И все-таки если весь первый период его живописи прочно связан с культурой Африки, если я могу разглядеть там повторяющиеся мотивы народного африканского искусства, все последующие периоды становятся все более и более личностными, свободными от всякой программы. И вот парадокс: именно в этой, как нельзя более личностной живописи идентичность черного мартиниканца явлена во всей своей сияющей очевидности — эта живопись, во-первых, мир ночного царства, во-вторых, мир, где все превращается в миф (буквально все: любой знакомый предмет, даже собачонка Эрнеста, которую мы видим на стольких картинах в образе мифологического животного), и в-третьих, это мир жестокости: как будто неизгладимое рабовладельческое прошлое вернулось, словно наваждение, преследующее тело: тело наболевшее, тело истязаемое и истязающее, раненое и ранящее.

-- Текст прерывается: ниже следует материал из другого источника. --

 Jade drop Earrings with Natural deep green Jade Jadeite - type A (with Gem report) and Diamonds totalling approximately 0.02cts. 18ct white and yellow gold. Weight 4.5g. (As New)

ЖЕСТОКОСТЬ И КРАСОТАМы говорим о жестокости, а я слышу тихий голос Брелёра: «Несмотря ни на что, в живописи прежде всего важна красота». По моему мнению, это означает: искусство никогда не должно вызывать сверхэстетические эмоции — возбуждение, ужас, отвращение, шок. Фотография обнаженной писающей женщины может вызвать эрекцию, но с «Писающей» Пикассо совсем другое дело, хотя это потрясающе эротическая живопись. Когда смотришь фильм, где показана резня, хочется отвести взгляд, а перед «Герникой», хотя картина изображает тот же ужас, взгляд радуется.

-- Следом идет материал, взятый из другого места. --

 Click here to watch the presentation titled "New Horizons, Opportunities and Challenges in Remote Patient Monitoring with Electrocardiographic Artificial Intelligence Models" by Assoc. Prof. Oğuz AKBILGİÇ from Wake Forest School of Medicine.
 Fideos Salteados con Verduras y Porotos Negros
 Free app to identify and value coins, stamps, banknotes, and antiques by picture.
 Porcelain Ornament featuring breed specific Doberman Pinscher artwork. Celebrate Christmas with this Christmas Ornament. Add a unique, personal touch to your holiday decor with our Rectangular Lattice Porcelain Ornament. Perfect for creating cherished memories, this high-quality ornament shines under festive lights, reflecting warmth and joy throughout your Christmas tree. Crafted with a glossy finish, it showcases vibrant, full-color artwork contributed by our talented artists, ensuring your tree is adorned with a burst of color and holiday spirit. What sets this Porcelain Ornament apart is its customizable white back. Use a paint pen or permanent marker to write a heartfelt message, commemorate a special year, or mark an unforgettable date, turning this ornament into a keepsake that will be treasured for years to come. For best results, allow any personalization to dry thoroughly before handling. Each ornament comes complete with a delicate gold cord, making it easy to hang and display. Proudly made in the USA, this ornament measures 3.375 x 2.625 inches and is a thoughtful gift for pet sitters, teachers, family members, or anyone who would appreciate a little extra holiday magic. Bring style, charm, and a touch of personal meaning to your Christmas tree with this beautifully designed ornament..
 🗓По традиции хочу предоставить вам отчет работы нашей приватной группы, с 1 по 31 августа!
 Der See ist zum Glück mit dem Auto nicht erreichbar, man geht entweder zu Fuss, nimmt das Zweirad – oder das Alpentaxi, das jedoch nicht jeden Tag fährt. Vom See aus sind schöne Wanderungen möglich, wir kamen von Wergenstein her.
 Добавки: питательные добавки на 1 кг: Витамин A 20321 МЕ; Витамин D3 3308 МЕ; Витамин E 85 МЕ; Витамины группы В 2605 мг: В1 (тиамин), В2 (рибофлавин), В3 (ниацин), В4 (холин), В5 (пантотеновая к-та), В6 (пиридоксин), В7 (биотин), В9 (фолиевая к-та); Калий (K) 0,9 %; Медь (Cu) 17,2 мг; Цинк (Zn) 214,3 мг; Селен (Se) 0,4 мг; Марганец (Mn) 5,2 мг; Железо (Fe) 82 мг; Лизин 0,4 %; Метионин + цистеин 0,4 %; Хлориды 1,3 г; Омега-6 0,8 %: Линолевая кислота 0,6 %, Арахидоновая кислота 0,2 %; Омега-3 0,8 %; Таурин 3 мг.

Безголовые тела, висящие в воздухе, — вот последние работы Брелёра. Затем я смотрю на даты: по мере того как продвигается работа над циклом, тема оставленного в пустоте тела утрачивает свой первоначальный травмирующий характер, искалеченное тело, брошенное в пустоту, уже не кажется страдающим, от картины к картине оно все больше похоже на затерявшегося среди звезд ангела, на магический призыв, идущий издалека, на плотский соблазн, акробатический трюк. После многочисленных вариантов изначальная тема меняется: от доминанты жестокого до доминанты (вспомним опять это слово-пароль) чудесного.

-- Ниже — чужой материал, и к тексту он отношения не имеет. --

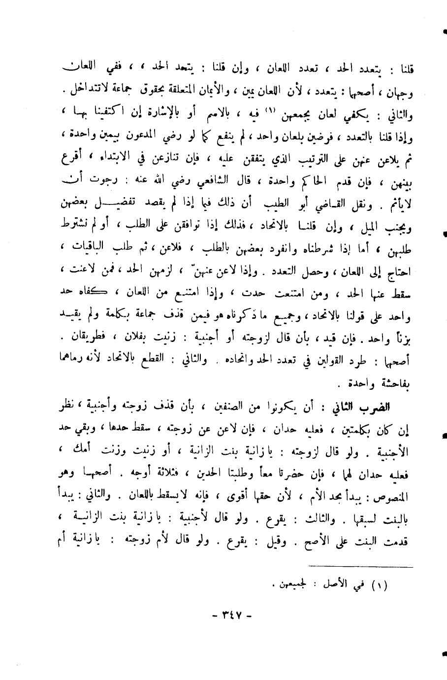 وَنَقَلَ الْقَاضِي أَبُو الطَّيِّبِ أَنَّ ذَلِكَ فِيمَا إِذَا لَمْ يَقْصِدْ تَفْضِيلَ بَعْضِهِنَّ وَيُجَنَّبُ الْمَيْلُ، وَإِنْ قُلْنَا بِالِاتِّحَادِ، فَذَلِكَ إِذَا تَوَافَقْنَ عَلَى الطَّلَبِ، أَوْ لَمْ نَشْتَرِطْ طَلَبَهُنَّ، أَمَّا إِذَا شَرَطْنَاهُ وَانْفَرَدَ بَعْضُهُنَّ بِالطَّلَبِ، فَلَاعَنَ، ثُمَّ طَلَبَ الْبَاقِيَاتُ، احْتَاجَ إِلَى اللِّعَانِ، وَحَصَلَ التَّعَدُّدُ. وَإِذَا لَاعَنَ عَنْهُنَّ، لَزِمَهُنَّ الْحَدُّ، فَمَنْ لَاعَنَتْ، سَقَطَ عَنْهَا الْحَدُّ، وَمَنِ امْتَنَعَتْ حُدَّتْ، وَإِذَا امْتَنَعَ مِنَ اللِّعَانِ، كَفَاهُ حَدٌّ وَاحِدٌ عَلَى قَوْلِنَا بِالِاتِّحَادِ، وَجَمِيعُ مَا ذَكَرْنَاهُ هُوَ فِيمَنْ قَذَفَ جَمَاعَةً بِكَلِمَةٍ وَلَمْ يُقَيِّدْ بِزِنَا وَاحِدٍ. فَإِنْ قَيَّدَ، بِأَنْ قَالَ لِزَوْجَتِهِ أَوْ أَجْنَبِيَّةٍ: زَنَيْتِ بِفُلَانٍ، فَطَرِيقَانِ. أَصَحُّهُمَا: طَرْدُ الْقَوْلَيْنِ فِي تَعَدُّدِ الْحَدِّ وَاتِّحَادِهِ. وَالثَّانِي: الْقَطْعُ بِالِاتِّحَادِ لِأَنَّهُ رَمَاهُمَا بِفَاحِشَةٍ وَاحِدَةٍ.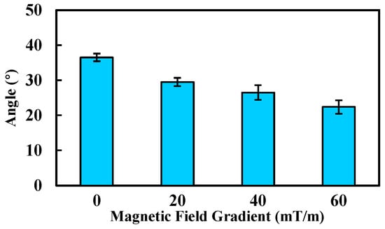 The deviation angle of the MCCR-IB under different gradient magnetic fields is shown in Figure 15. As the magnetic field gradient increased from 0 mT/m to 60 mT/m, the deviation angle decreased markedly from 36.5° to 22.4°. A clear reduction in deviation amplitude was observed with increasing gradient strength. In addition, a stronger gradient field would further reduce the oscillation. These results demonstrate the feasibility and effectiveness of the proposed method.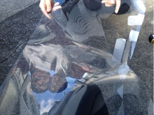 こんばんは。伊藤です。 昨日の車上荒らしでガラスをやられて、やはり年末年始で修理できず、ホームセンターヘ行きDIY。 透明で厚めのテーブルクロスを購入して窓の大きさに合わせてカット。 まずは仮止めして 黒のテープで仕上げ。 ザキ山さんも一安心。 か…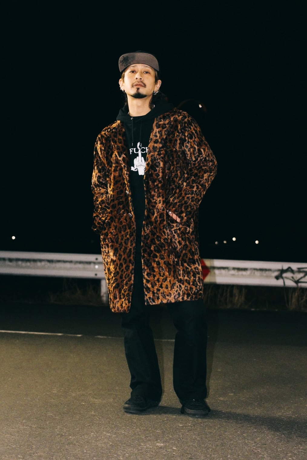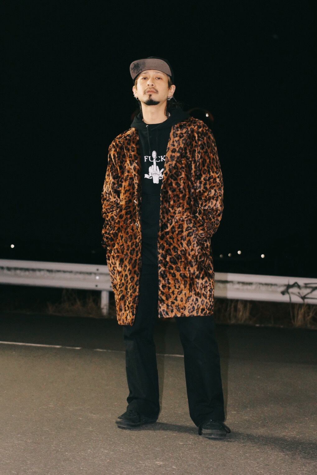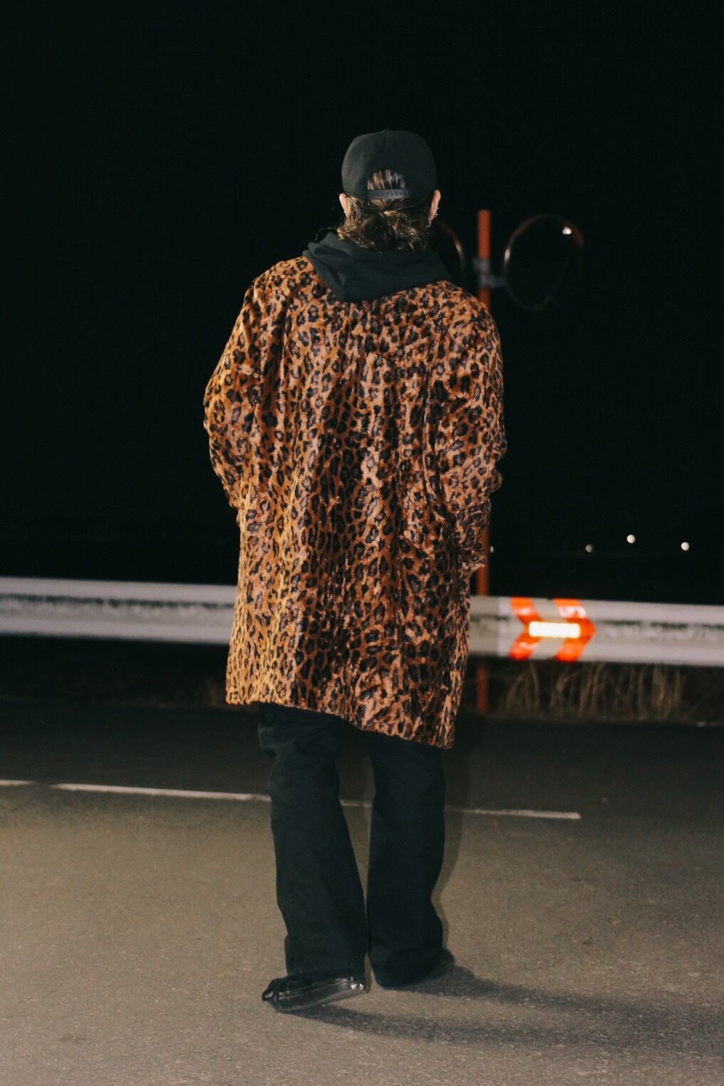 上質で光沢のあるベロアのレオパード生地を使用したチェスターコート。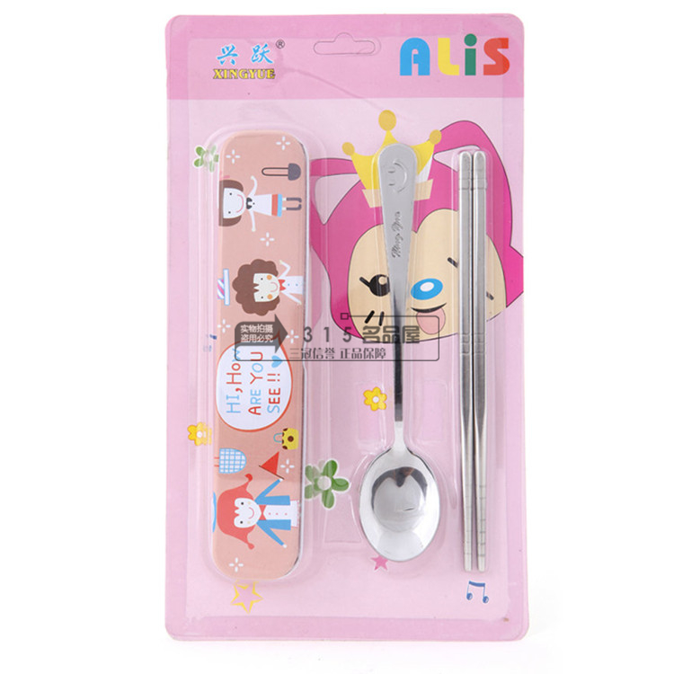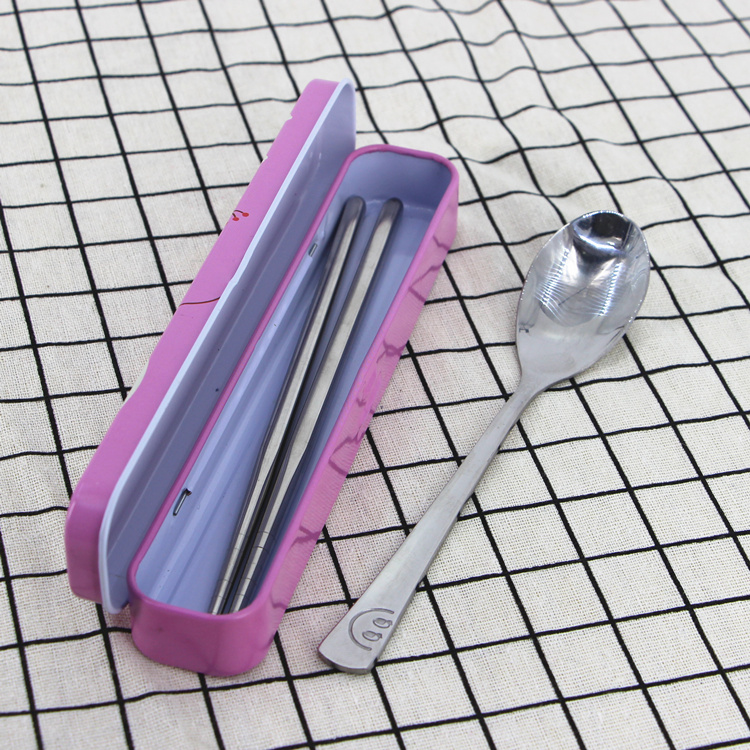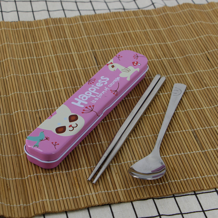 Cute mini stainless steel chopsticks spoon portable tableware kindergarten children primary school students canteen eating chopsticks spoon two pieces

С нами в мастерской моя жена Вера и Александр Аларис, мартиниканский философ. Как всегда, перед обедом мы пьем пунш. Потом Эрнест готовит еду. На столе шесть приборов. Почему шесть? В последнюю минуту приходит Исмаэль Мандарей, венесуэльский художник, мы садимся за стол. Но, как ни странно, шестой прибор остается нетронутым до конца обеда. Гораздо позднее с работы возвращается жена Эрнеста, женщина красивая и, это сразу видно, любимая. Уезжаем в машине Александра, Эрнест с женой стоят перед домом и провожают нас глазами, эта пара кажется мне мучительно-неразрывной, окруженной необъяснимой аурой одиночества. «Вы ведь поняли тайну шестого прибора, — сказал нам Александр, когда мы исчезли из их поля зрения. — Он давал Эрнесту иллюзию того, что его жена с нами».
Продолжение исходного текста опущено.